George Lillycrop

Personal information
- Full name: George Beanland Lillycrop
- Date of birth: 7 December 1886
- Place of birth: Gosport, Hampshire, England
- Date of death: 1962 (aged 75–76)
- Height: 5 ft 8 in (1.73 m)
- Position: Striker

Senior career*
- Years: Team / Apps / (Gls)
- South Shields Adelaide F.C.
- North Shields Athletic F.C.
- ?–1913: Barnsley
- 1913–1915: Bolton / 52 / (32)
- South Shields

Managerial career
- 1938–1944: Crewe Alexandra

= George Lillycrop =

English footballer (1886–1962)

George Beanland Lillycrop (sometimes Lilliecrop; 7 December 1886 – 1962) was an English professional footballer who played as a striker for several English sides before and just after the First World War.

==Playing career==
Lillycrop was born on 7 December 1886, in Gosport. He started his career playing for teams in the North Eastern League before transferring to Barnsley some time before 1910. He played in both FA Cup finals that Barnsley reached in 1910 and 1912. In the first, Barnsley lost in the replay to Newcastle. In 1912, Lillycrop played a critical role in the qualifying rounds, scoring 6 goals, several in replays. The 1912 Final went again to a replay but Barnsley won, defeating West Bromwich Albion by one goal in extra time. Given his key role in the qualifying rounds he does not feature much in the match day reports.
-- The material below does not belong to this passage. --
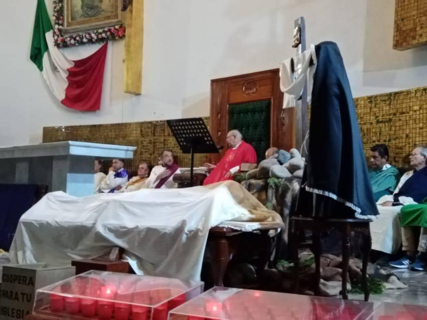 El contingente salió de los arcos del Fraccionamiento El Cid, para internarse por la Camarón Sábalo, hasta llegar al templo donde efectuaron los oficios del Viernes Santo ante la imagen de Jesús cubierta por una manta blanca, y la Virgen María vestida de luto, ahí, los asistentes meditaron sobre las siete palabras de Jesús y rezaron el credo. Al final, se realizó el rosario de pésame.

In July 1913, he was transferred to Bolton Wanderers for £1,300. He played a total of 52 games, scoring 32 goals. Bolton reached the FA cup semi-finals in 1915 and were defeated by Sheffield United, captained by George Utley, his fellow wing half from Barnsley. After the war, he returned to the North East playing for South Shields.

==Coaching career==
After the end of his playing career he took up coaching. He worked for South Shields, Gateshead and Crewe Alexandra.